:: Information supplied ::

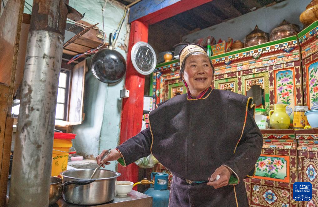 工布新年的大年初一,拉巴卓瑪一早就穿著傳統(tǒng)工布藏裝開(kāi)始忙碌(11月14日攝)。新華社記者 黃耀漫 攝
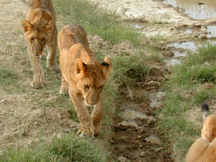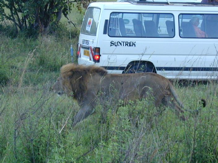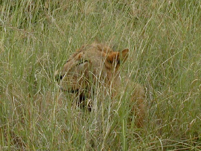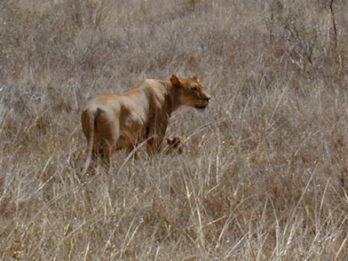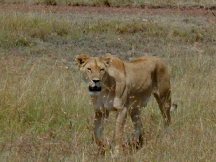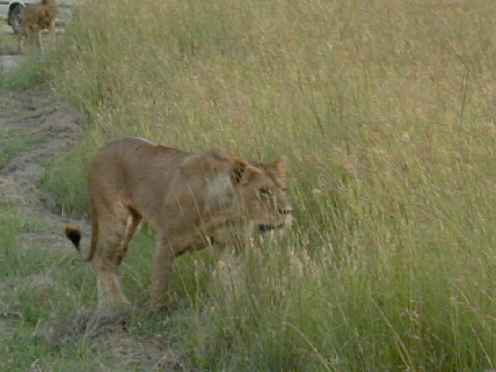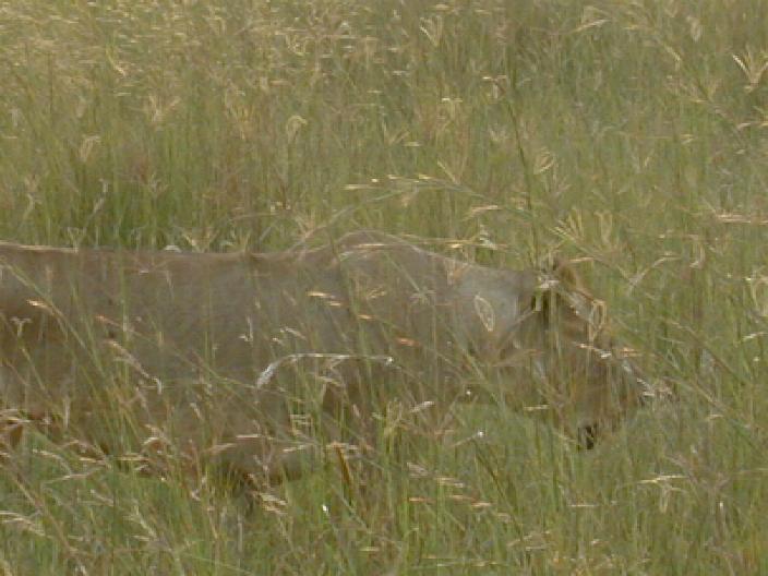 Leaving the lakes edge we encountered our first Masai Giraffe. Moving on we spotted another White Rhino. Driving a bit further we see our first lions a mother with her three cubs. They kept on getting closer. And closer. We are in an open topped van which the lion could jump into if it wished and seeing this wild beast of prey so close is unnerving. Lions depend on camoflauge to hunt. their tan fur blends in quickly in the tall grass of the savannah. It is amazing that something so big just dissappears in just a little grass. Look something got his attention. This photo shows just how close we were to the King Of the Jungle. This is a photo of a young male lion. This is a photo of the queen of the jungle. Here come the Kids. How close can they get?
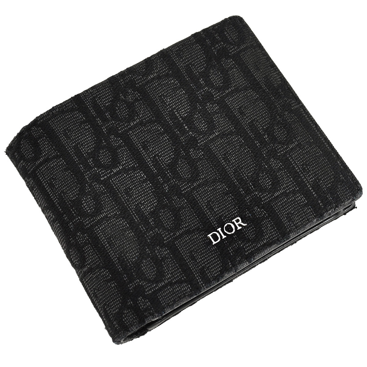 Product name: ディオール DIOR オブリーク コンパクトウォレット 二つ折財布 2OBBC027 ブラック 黒 ジャガードキャンバス レザー メンズ 中古

:::

**Task instructions:** Omit pictures; set down the rest of the material word for word.

**Written response:**
 工布新年的大年初一,拉巴卓瑪一早就穿著傳統(tǒng)工布藏裝開(kāi)始忙碌(11月14日攝)。新華社記者 黃耀漫 攝
 Leaving the lakes edge we encountered our first Masai Giraffe. Moving on we spotted another White Rhino. Driving a bit further we see our first lions a mother with her three cubs. They kept on getting closer. And closer. We are in an open topped van which the lion could jump into if it wished and seeing this wild beast of prey so close is unnerving. Lions depend on camoflauge to hunt. their tan fur blends in quickly in the tall grass of the savannah. It is amazing that something so big just dissappears in just a little grass. Look something got his attention. This photo shows just how close we were to the King Of the Jungle. This is a photo of a young male lion. This is a photo of the queen of the jungle. Here come the Kids. How close can they get?
 Product name: ディオール DIOR オブリーク コンパクトウォレット 二つ折財布 2OBBC027 ブラック 黒 ジャガードキャンバス レザー メンズ 中古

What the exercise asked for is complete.